Since then there have been several attempts to create an upgrade, known as
ECMAScript 4. For example ActionScript 3 and Microsofts JScript.Net is
actually based on an abandoned ECMAScript 4 proposal from around 2000-2003, a
spec that way heavily influenced by Java. A new ECMAScript 4 effort started a
few years ago with Brendan Eich as editor, which was more inspired by dynamic
and functional languages.

However the new ECMAScript 4 spec was pretty large and ambitious, and some
parts of the working groups called for a lesser, incremental spec release to
fix some of the most needed fixes. This proposal was called ECMASCript 3.1.
Then it was decided to scale the ambitious ECMAScript 4 spec back, and this
scaled back version (which is still in flux) is called ECMAScript Harmony.
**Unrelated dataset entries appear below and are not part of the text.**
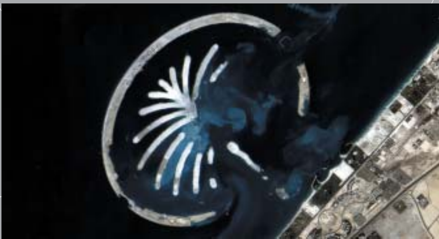
Clockwise from above: Palm Island Development, Dubai; Ennore Port Development, India; Norfolk beach nourishment UK.
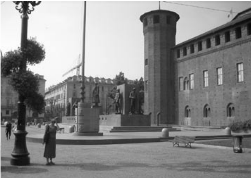
◀ DARE Editor Luanne von Schneidmesser stands in front of the Palazzo Madama in the Piazza Castello in Turin, Italy, where she attended the September 2006 EURALEX Conference.
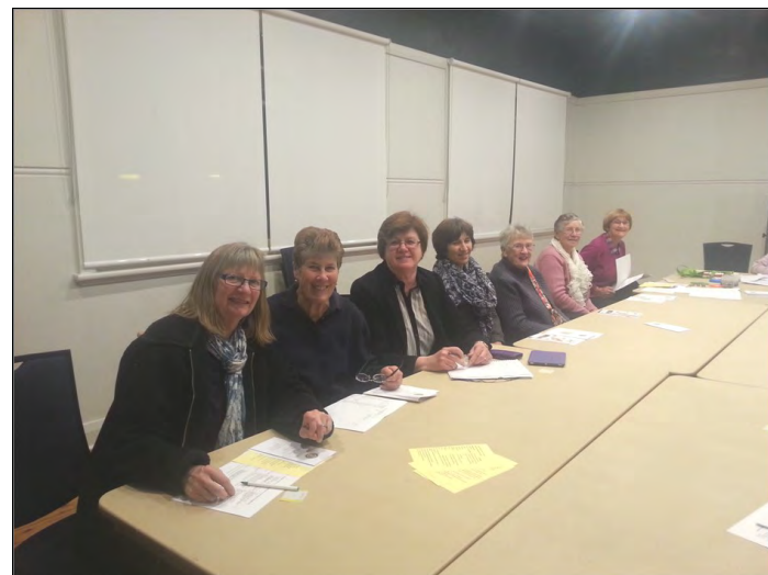
Inner Wheel Ladies from Leeton - enjoying an information packed presentation about DAN & Advocacy.
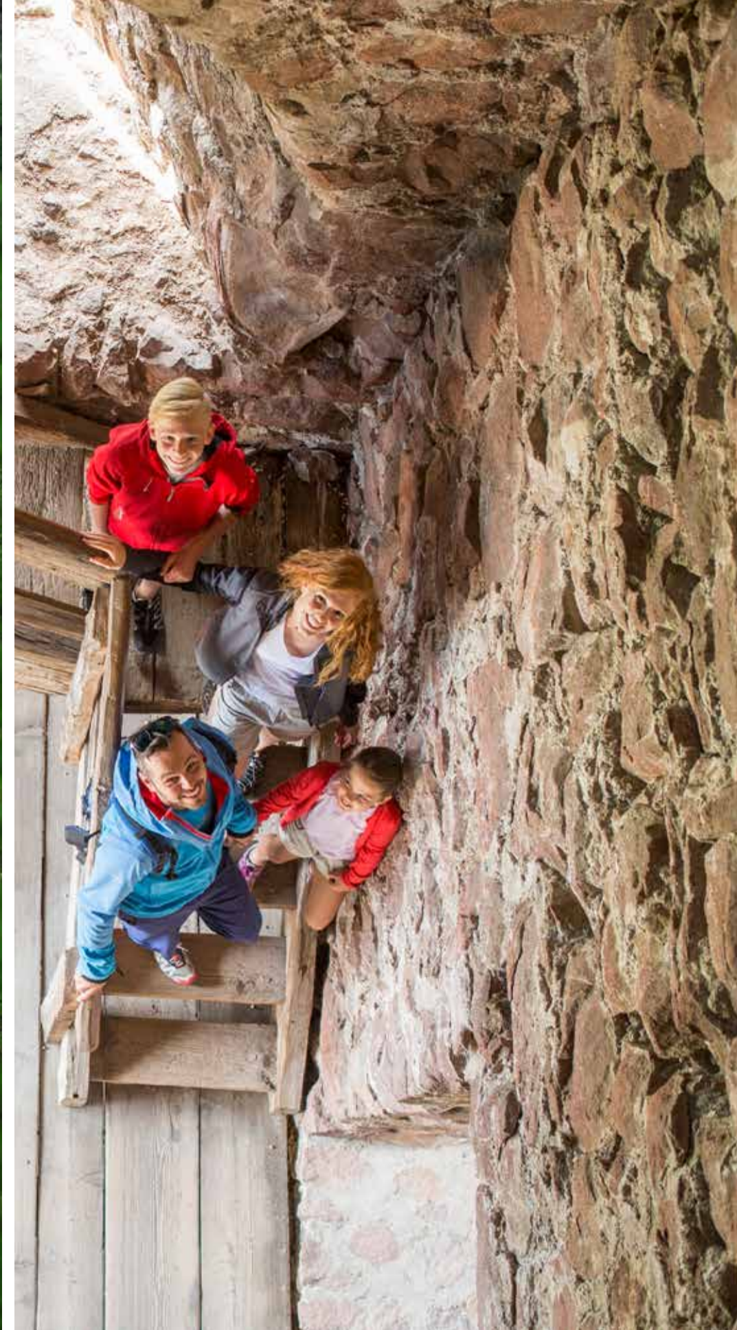
< Bolzano and environs features many castles and manors. Appiano is one of the most castle-rich regions in Europe. Some of the historic buildings now serve as a hotel, museum or, like Haderburg Castle (left) or Boymont Castle (right) as a castle inn.

Sleeping like an earl | A magical four-star castle hotel, an opulent Garni-hotel or a lordly residence: at Bolzano and environs you can lodge in such historic walls the whole year. History, culture and tradition combined with modern comfort transform your holiday into an exciting journey through time. www.bolzanosurroundings.info/castles

Now ECMAScript 3.1 has been released, but they have decided to give it the
official name ECMAScript 5th edition, thereby leapfrogging the 4th edition!
This might be because "ECMAScript 4" have gotten a bad name because of the
several failed attempts. Also, it is obviously confusing when widely different
specs gets the same name.

Harmony will then probably be 6th edition, and if some of the features from
ES4 which was culled from Harmony appears in a later spec, it might be in 7th
edition!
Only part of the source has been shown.